The Fiscal Data Package is a lightweight and user-oriented format for publishing and consuming fiscal data. Fiscal Data Packages are made of simple and universal components, are extremely flexible, can be produced from ordinary spreadsheet software and used in any environment. This specification started about five years ago with a first version (then known as the “Budget Data Package”). Since then we’ve made quite a few iterations, until a fairly stable version was reached, which we name ‘version 0.3’. This version was field-tested in various use cases and scenarios – most prominent among them is the Government of Mexico, who adopted Fiscal Data Package to be used for publishing their official budget data. For the past six months we’ve been hard at work in reshaping this specification to make it simpler to use and easier to adopt, while improving its flexibility and extensibility – thus making it relevant for more users.
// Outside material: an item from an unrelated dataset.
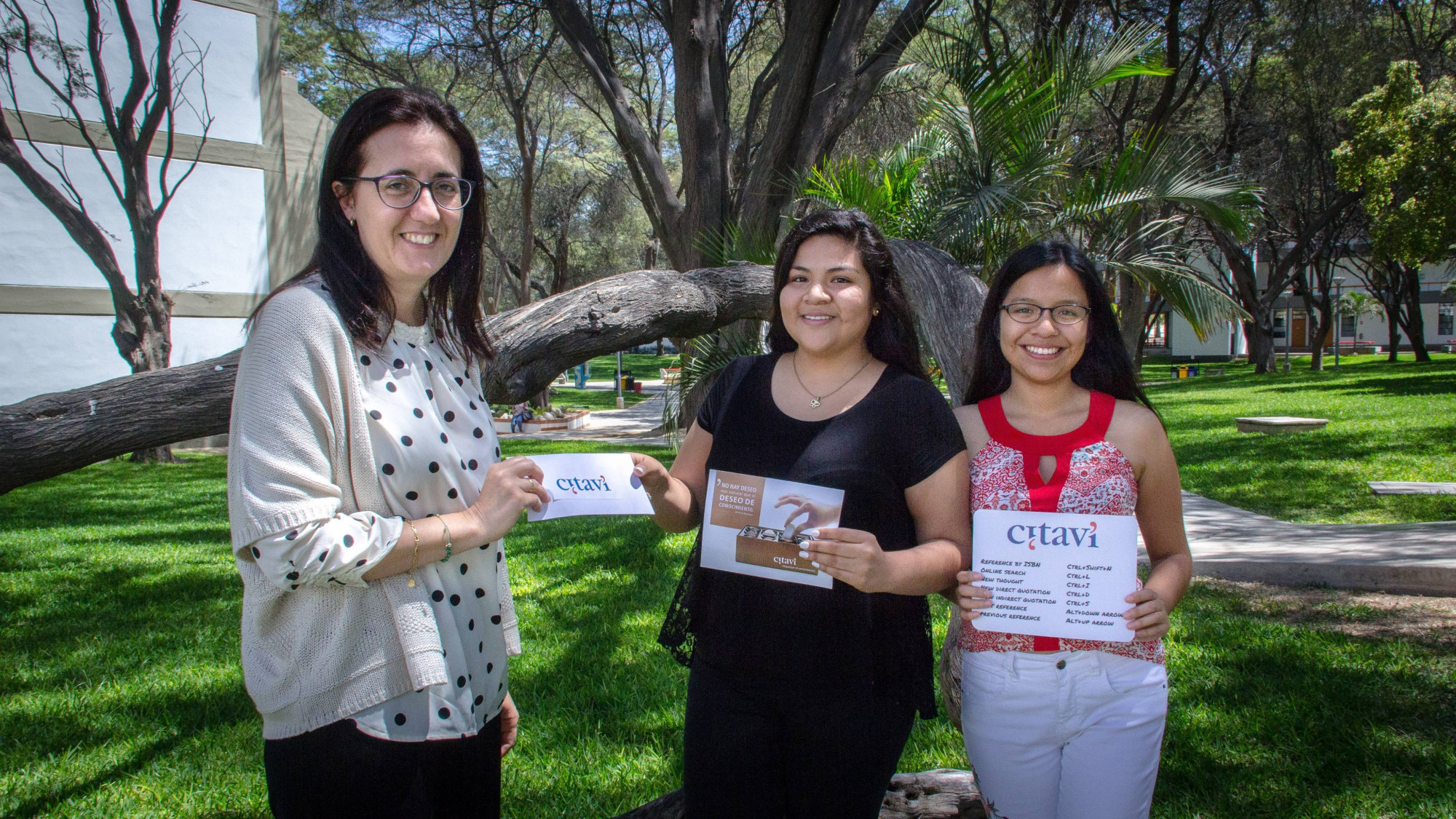 María José Andrade, Directora de Biblioteca en Campus Piura, junto a Romina Silva y Ximena Saavedra, ganadoras del Concurso de Citavi

In many ways, this new version is the result of the collected experience and lessons learned in the past few years, working with partners and understanding what works and what doesn’t.

So what is the Fiscal Data Package philosophy?

The basic motivation behind Fiscal Data Package is to create a specification which is open by nature – based on other open standards, supported by open tools and software, modular, extensible and promoted transparently by a large community. The Fiscal Data Package is designed to be lightweight and simple to use – providing a small but flexible set of features, based on real-world requirements and not theoretical ones. All the while, the built-in extensibility allows this spec to adapt to many different use cases and domains. It is also possible to gradually use more and more part of this specification – progressive enhancement – thus making it easier to implement with existing data while slowly improving the data quality. A main concern we wanted to tackle was the ability to work with data as it currently exists, without forcing publishers to modify the contents or structure of their current data files in order to “adapt” them to the specification. This is a big deal, as publishers often publish data that’s the output of existing internal information systems, and requiring them to do any sort of data cleaning or wrangling on the data prior to uploading in a major source of friction for adoption.

And what is it not?

With that in mind, it’s also important to understand what this specification doesn’t handle. This specification is, by design, non-opinionated about which data should be published by publishers – which datasets, which fields and and the internal processes these reflect. The only things Fiscal Data Package is concerned with are how fiscal data should be packaged and providing means for publishers to best convey the meaning of the data – so it can be optimally used by consumers. In addition to that, it provides details regarding file-formats, data-types, metadata and structuring the data in files.

What we learned

As previously mentioned, via a wide range of technical implementations, partner piloting, and fiscal data projects with other civic tech and data journalist partners, we’ve learned a lot about what works in Fiscal Data Package v0.3, and what does not. We want to take these learnings and make a more robust and future proof v1.0 of the specification. One of the first thing we noticed wasn’t working was fiscal modelling. Version 0.3 of the specification contained an elaborate system for the modelling of fiscal data. In practice, this system turned out to be too complicated for normal users and error prone (inconsistent models could be created). To add to that, modelling was not versatile enough to account for the very different source files existing with real users, nor was it expressive enough to convey the specific semantics required by these users. A few examples of this strictness include:
  • The predefined set of classifications for dimensions. This hard-coded list did not capture the richness of fiscal data ‘in the wild’, as it contained too few and too broad options.
  • Measure columns were assumed to be of a specific currency, disregarding datasets in which the currency is provided in a separate column (or non monetary measures).
  • Measure columns were assumed to be of a specific budgeting phase (out of 4 options) and of a single direction (income/expenditure), ignoring data sets which have different phases, or that the phase or direction are provided in a separate column – or data sets which are not related to budgets altogether…
Another lesson learned is about file formats. Contrary to what its name might suggest, the world of fiscal data files is a wild jungle – every sort and form of file exists there (if you just look hard enough). Now, while machines will always prefer to read data files in their denormalised (or unpivoted) form – as it’s the most verbose and straightforward one – publishers will often choose a more compact, pivoted form – and as the proverb goes, there is more than one way to pivot a table. Other publishers would take out from the file some of the data, and append it as a separate code list file, or split large files based on year, budget direction or department. Version 0.3 of the specification assumed data files would only be provided in a very specific pivoted form – which might apply to some cases, but practically failed on many other variations that we’ve encountered.

Many different variations

What new features does Fiscal Data Package v1.0 provide?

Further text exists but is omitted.